+++ GIVEN RECORDS +++
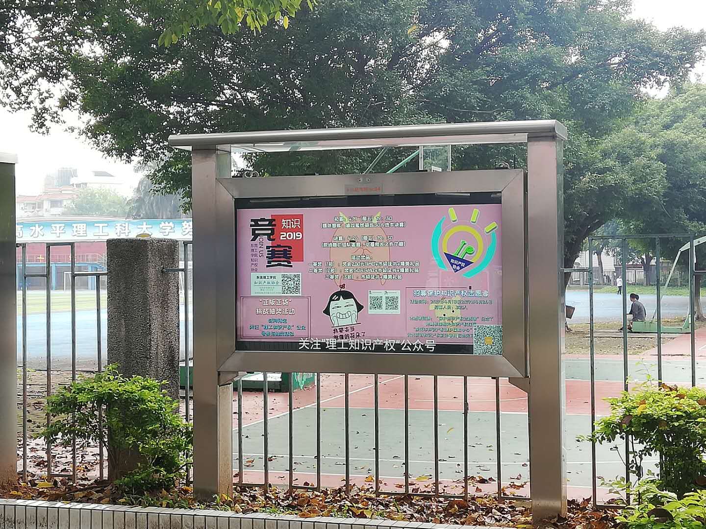 此次活动,理工学院一改往年“摆摊设点”的传统宣传模式,着力打造传统宣传和新媒体“小晒同学”电子屏幕的“轮番上阵”的轰炸式效果,印有“保护知识产权、知识产权竞赛、正版正货漫画设计大赛”等宣传内容的16块电子屏幕在松山湖校区与莞城校区,反复进行霸屏播放。“知识产权的蓝天白云”覆盖了整个大学校园。
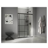 Elate Tall Sliding Shower Door, 75-1/2-In H X 44-1/4 - 47-5/8-In W, With Heavy 5/16-In Thick Frosted Glass With Rectangular Grille Pattern K-707613-8G80-BL
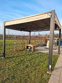 Gazebo Esterno Resistente 3x3 m, Gazebo da Giardino Impermeabile e Robusto per Esterni, Tetto Retraibile, Telaio in Alluminio, Telo Per Protezione UV in Poliestere, Grigio
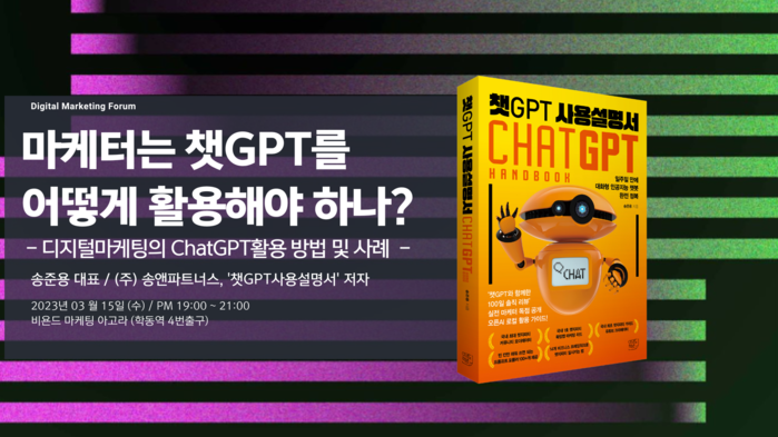 디지털마케팅연구회는 오는 3월15일 서울 강남구 소재 비욘드마케팅 아고라에서 '마케터는 챗GPT를 어떻게 활용해야 하나'를 주제로 오프라인 세미나 개최한다고 -일 밝혔다.
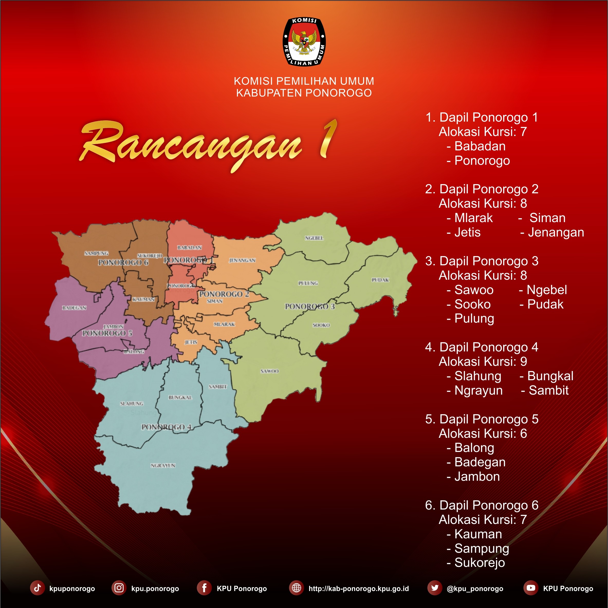 Berikut disampaikan Pengumuman Nomor Rancangan Penataan Daerah Pemilihan dan Alokasi Kursi Anggota DPRD Kabupaten Ponorogo
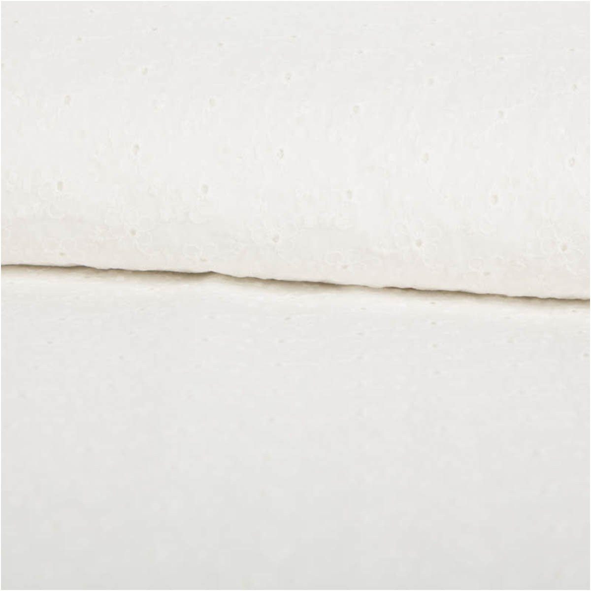 Blümchenstickerei mit Lochmustern: Filigrane Blumenmotive und Lochstickerei-Details erzeugen eine romantische Broderie-Anglaise-Optik für verspielte Designs.
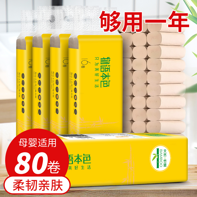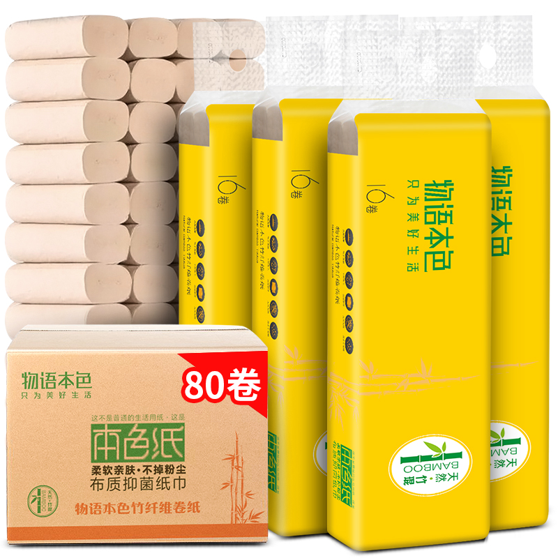 【超值单品】原生竹浆本色卷纸80卷箱装
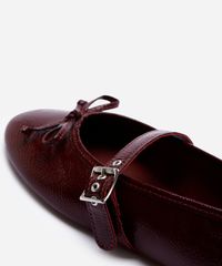 Sapatilha boneca feminina desenvolvida em material sintético texturizado. O modelo tem bico remondo e cabedal com acabamento em viés, tira com fivela ajustável e laço decorativo aplicado. Possui palmilha macia com inscrição de marca e sola texturizada.
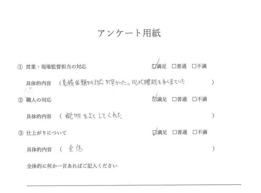 見積依頼から対応が早かった。 現状確認を多く来ていた。
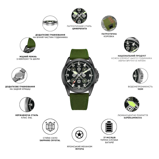 Awarder Embroidery Black-Army Green Khaki Battery 10ATM, Вінниця
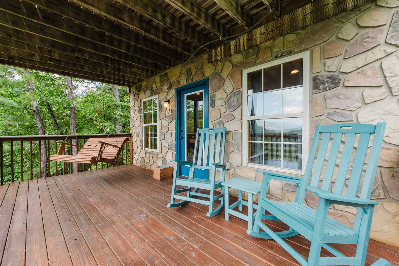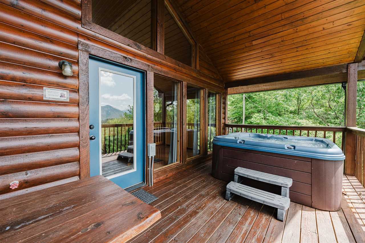 Unwind and soak up the serenity of the great outdoors, where the private outdoor space is designed for relaxation and entertainment. Step outside to a hot tub, perfect for stargazing or unwinding after a long day. Fire up the charcoal grill and cook a delicious meal, then gather with friends and family on the patio furniture or rock in the comfortable rocking chairs. Whether you're seeking adventure or a peaceful retreat, this outdoor space has everything you need to make your getaway unforgettable.
+++
* _WHAT IS BEING ASKED_: Print every entry above verbatim but drop the images.

* _ANSWER TO THIS EXERCISE_:
 此次活动,理工学院一改往年“摆摊设点”的传统宣传模式,着力打造传统宣传和新媒体“小晒同学”电子屏幕的“轮番上阵”的轰炸式效果,印有“保护知识产权、知识产权竞赛、正版正货漫画设计大赛”等宣传内容的16块电子屏幕在松山湖校区与莞城校区,反复进行霸屏播放。“知识产权的蓝天白云”覆盖了整个大学校园。
 Elate Tall Sliding Shower Door, 75-1/2-In H X 44-1/4 - 47-5/8-In W, With Heavy 5/16-In Thick Frosted Glass With Rectangular Grille Pattern K-707613-8G80-BL
 Gazebo Esterno Resistente 3x3 m, Gazebo da Giardino Impermeabile e Robusto per Esterni, Tetto Retraibile, Telaio in Alluminio, Telo Per Protezione UV in Poliestere, Grigio
 디지털마케팅연구회는 오는 3월15일 서울 강남구 소재 비욘드마케팅 아고라에서 '마케터는 챗GPT를 어떻게 활용해야 하나'를 주제로 오프라인 세미나 개최한다고 -일 밝혔다.
 Berikut disampaikan Pengumuman Nomor Rancangan Penataan Daerah Pemilihan dan Alokasi Kursi Anggota DPRD Kabupaten Ponorogo
 Blümchenstickerei mit Lochmustern: Filigrane Blumenmotive und Lochstickerei-Details erzeugen eine romantische Broderie-Anglaise-Optik für verspielte Designs.
 【超值单品】原生竹浆本色卷纸80卷箱装
 Sapatilha boneca feminina desenvolvida em material sintético texturizado. O modelo tem bico remondo e cabedal com acabamento em viés, tira com fivela ajustável e laço decorativo aplicado. Possui palmilha macia com inscrição de marca e sola texturizada.
 見積依頼から対応が早かった。 現状確認を多く来ていた。
 Awarder Embroidery Black-Army Green Khaki Battery 10ATM, Вінниця
 Unwind and soak up the serenity of the great outdoors, where the private outdoor space is designed for relaxation and entertainment. Step outside to a hot tub, perfect for stargazing or unwinding after a long day. Fire up the charcoal grill and cook a delicious meal, then gather with friends and family on the patio furniture or rock in the comfortable rocking chairs. Whether you're seeking adventure or a peaceful retreat, this outdoor space has everything you need to make your getaway unforgettable.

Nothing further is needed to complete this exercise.